Influence of exercise training on glycemic variability
In the previous section, a single exercise session or repeated exercise sessions were shown to improve the glycemic profile, the glycemic response, and glycemic variability that occur throughout the day. Additional long-term adaptations and enduring improvements in glucose metabolism occur due to regular/habitual/chronic exercise participation. Exercise training-induced improvements in glycemic control are primarily explained by increases in glucose disposal and insulin sensitivity.65 Yet, these physical activity and exercise adaptations are reversible, and the effects of detraining begin within 5–10 days after cessation of exercise.49 Therefore, general involvement and, more importantly, continued regular exercise participation are necessary to impact long-term glycemic health.
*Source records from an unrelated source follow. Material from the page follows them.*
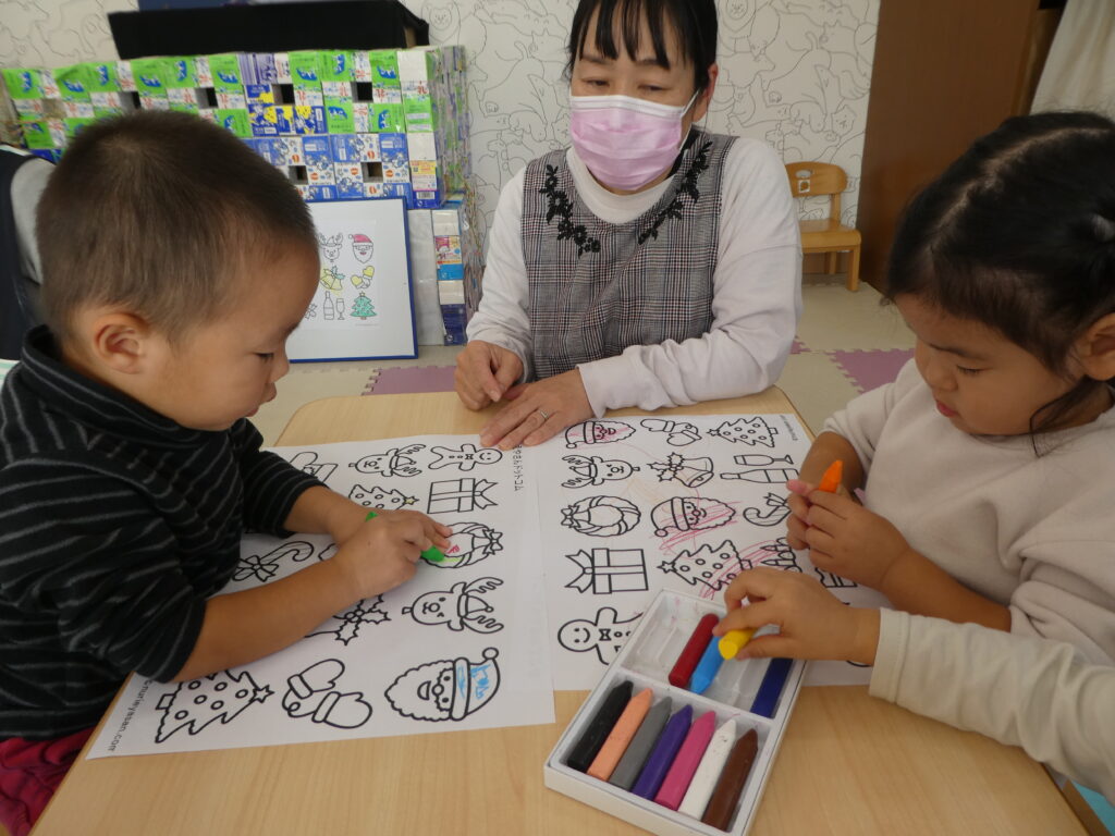 クリスマスツリーの飾りつけ🎄⭐ 今日はクリスマス会に向けて、塗り絵をしました。 その後、みんなでクリスマスツリーの飾りつけをしました⭐😊 飾り終えた後、クリスマスの曲に合わせて、歌も歌いました。子ども達はウキウキです💕 ⭐飾りつけ⭐ 素敵なツリーになりました🎄💕 ツムギ2025-11-19T12:45:36+09:002025年11月19日|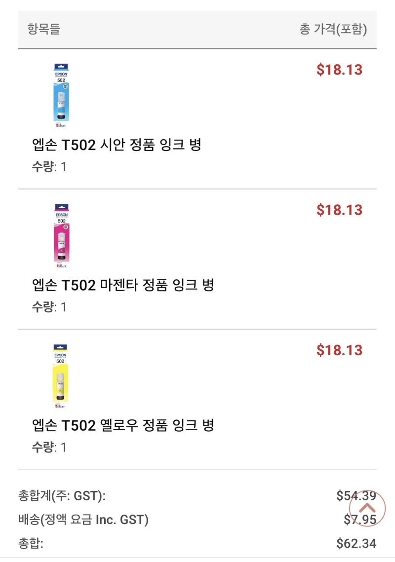 앱손 Epson 502 정품 칼라잉크 새제품 잉크 판매합니다.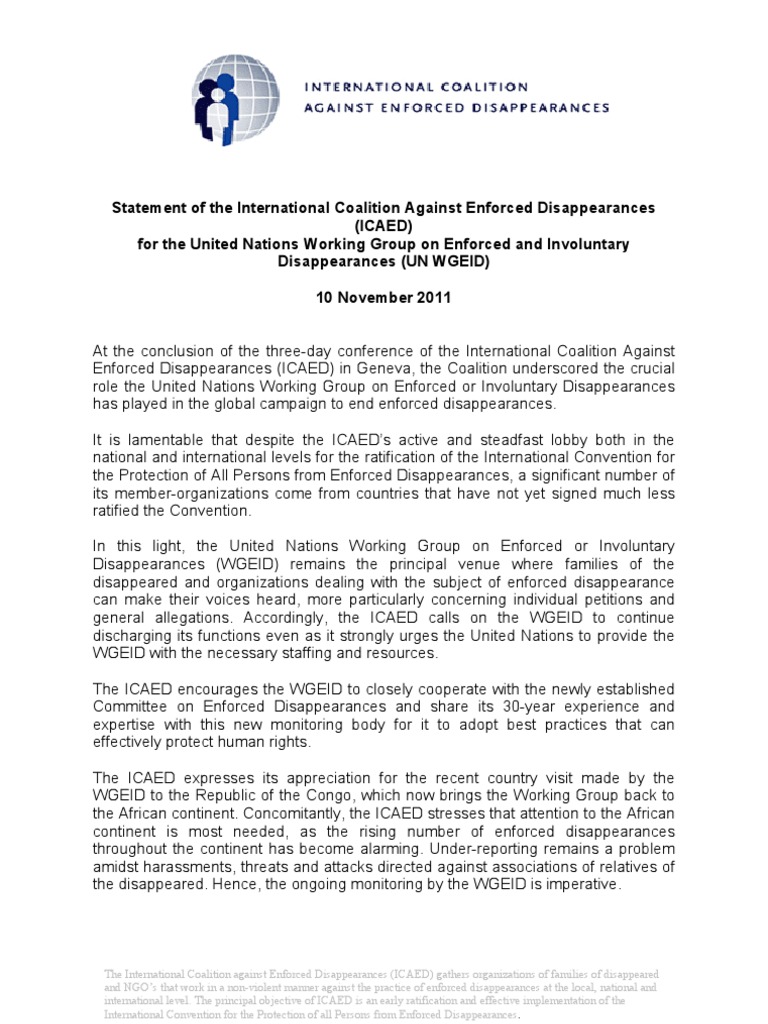 At the conclusion of the three-day conference of the International Coalition Against Enforced Disappearances (ICAED) in Geneva, the Coalition underscored the crucial role the United Nations Working Group on Enforced or Involuntary Disappearances has played in the global campaign to end enforced disappearances. It is lamentable that despite the ICAEDs active and steadfast lobby both in the national and international levels for the ratification of the International Convention for the Protection of All Persons from Enforced Disappearances, a significant number of its member-organizations come from countries that have not yet signed much less ratified the Convention. In this light, the United Nations Working Group on Enforced or Involuntary Disappearances (WGEID) remains the principal venue where families of the disappeared and organizations dealing with the subject of enforced disappearance can make their voices heard, more particularly concerning individual petitions and general allegations. Accordingly, the ICAED calls on the WGEID to continue discharging its functions even as it strongly urges the United Nations to provide the WGEID with the necessary staffing and resources. The ICAED encourages the WGEID to closely cooperate with the newly established Committee on Enforced Disappearances and share its 30-year experience and expertise with this new monitoring body for it to adopt best practices that can effectively protect human rights. The ICAED expresses its appreciation for the recent country visit made by the WGEID to the Republic of the Congo, which now brings the Working Group back to the African continent. Concomitantly, the ICAED stresses that attention to the African continent is most needed, as the rising number of enforced disappearances throughout the continent has become alarming. Under-reporting remains a problem amidst harassments, threats and attacks directed against associations of relatives of the disappeared. Hence, the ongoing monitoring by the WGEID is imperative.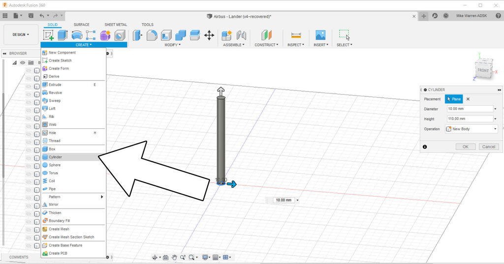 To make the landing struts I used create > cylinder and created a circle on the floor plane about 10mm in diameter and then stretched it so it was tall. If you're not happy with the sizing there's a tool in modify > push/pull that will allow you to click on a shape face and push or pull it to make it the right size.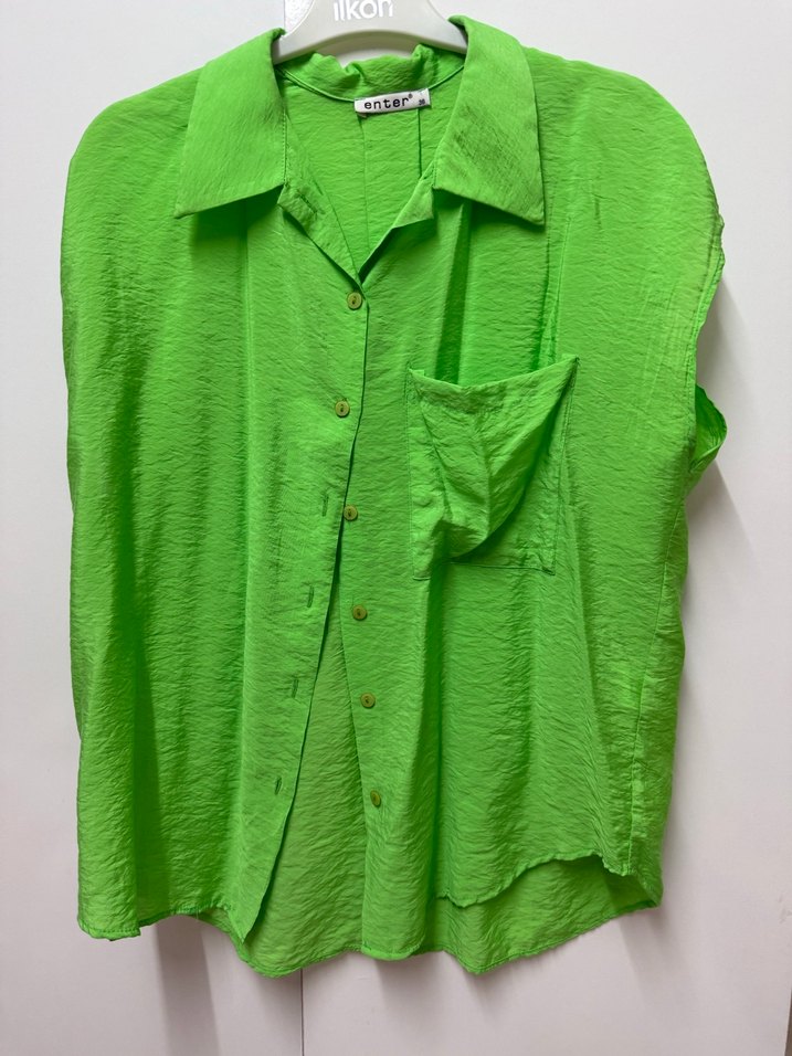 Düğmeli, kısa kollu, yakalı yeşil keten gömlek. Rahat kesimi ve parlak dokusuyla günlük sokak stiline uygun.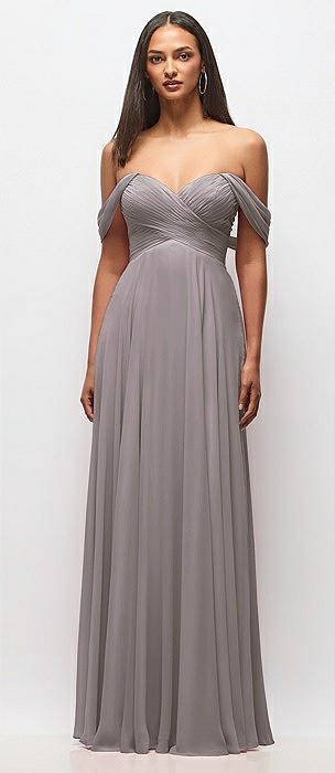 Gray Dessy Off-The-Shoulder Bridesmaid Dresses

Epidemiological studies show that regular exercise participation reduces the risk of developing non-insulin-dependent diabetes.66, 67, 68 More than 35 years ago Holloszy et al.69 published data showing that a decline in glucose tolerance and insulin sensitivity is prevented by performing regular exercise. Further, prolonged and frequent exercise participation has been shown to normalize glucose tolerance by decreasing insulin resistance in individuals having impaired glucose tolerance.69 However, to date, few published studies have evaluated changes in glycemic variability following exercise training as opposed to general exercise participation. Because limited published findings are available, exercise training interventions of a week or greater are included in this section (Table 4).
Table 4.
Author (publication date) | Study design | Primary findings | Conclusion | Strengths and limitations |
---|---|---|---|---|
Type 2 diabetes | ||||
Mikus CR et al. (2012)70 | Clinical controlled trial; n = 13 7-day moderate-intensity continuous aerobic exercise training program |
Glucose concentrations and number of glucose excursions decreased over the final 3 days following the 7-day exercise training compared to 3 days of habitual activity. | 7 days of aerobic exercise training reduces postprandial glucose and glycemic control in free-living individuals with type 2 diabetes. |
Strengths: Controlled exercise setting Limitations: Small sample size; volume of exercise performed was above recommended guidelines |
Kartstoft K et al. (2013)71 | Randomized clinical trial performed over 4 months (16 weeks); total n = 32; control group n = 8; continuous-walking group n = 12; interval-walking group n = 12 Habitual daily activity; continuous-walking; interval-walking group |
24-h mean, and minimum glucose concentrations increased in the control group, while 24-h mean, and maximum glucose concentrations decreased in the interval-walking group only. | Continuous-walking exercise may offset the deleterious effects of no exercise, while interval-walking exercise may superiorly improve measures of glucose concentrations in type 2 diabetic adults. |
Strengths: Extended exercise intervention; inclusion of a control group; applicable to a free-living condition for exercise and glucose control Limitations: Small sample size; limited to type 2diabetic adults |
Francois ME et al. (2017)72 | Proof-of-concept, double-blind, randomized clinical trial; n = 53 3 days per week for 12 weeks of high-intensity interval training (HIIT); resistance and aerobic-based exercised |
There was a significant decrease in glycemic control (HbA1c), as well as 24-h mean glucose concentration, SD of the 24-h mean glucose concentration, and MAGE. | Twelve weeks of low-volume HIIT improved glycemic control and glycemic variability. |
Strengths: Standardized 12-week HIIT exercise program Limitations: Older sample limited to type 2 diabetic adults; unable to account for participant characteristics differences |
Table 4 presents studies that provided information regarding the influence of exercise training on glycemic control and glycemic variability in type 2 diabetic adults. The table includes: 1) author information; 2) study design; 3) findings related to the alterations in glycemic control and glycemic variability; 4) conclusions derived from the findings on changes in glycemic control and glycemic variability; 5) strength and limitations of each study.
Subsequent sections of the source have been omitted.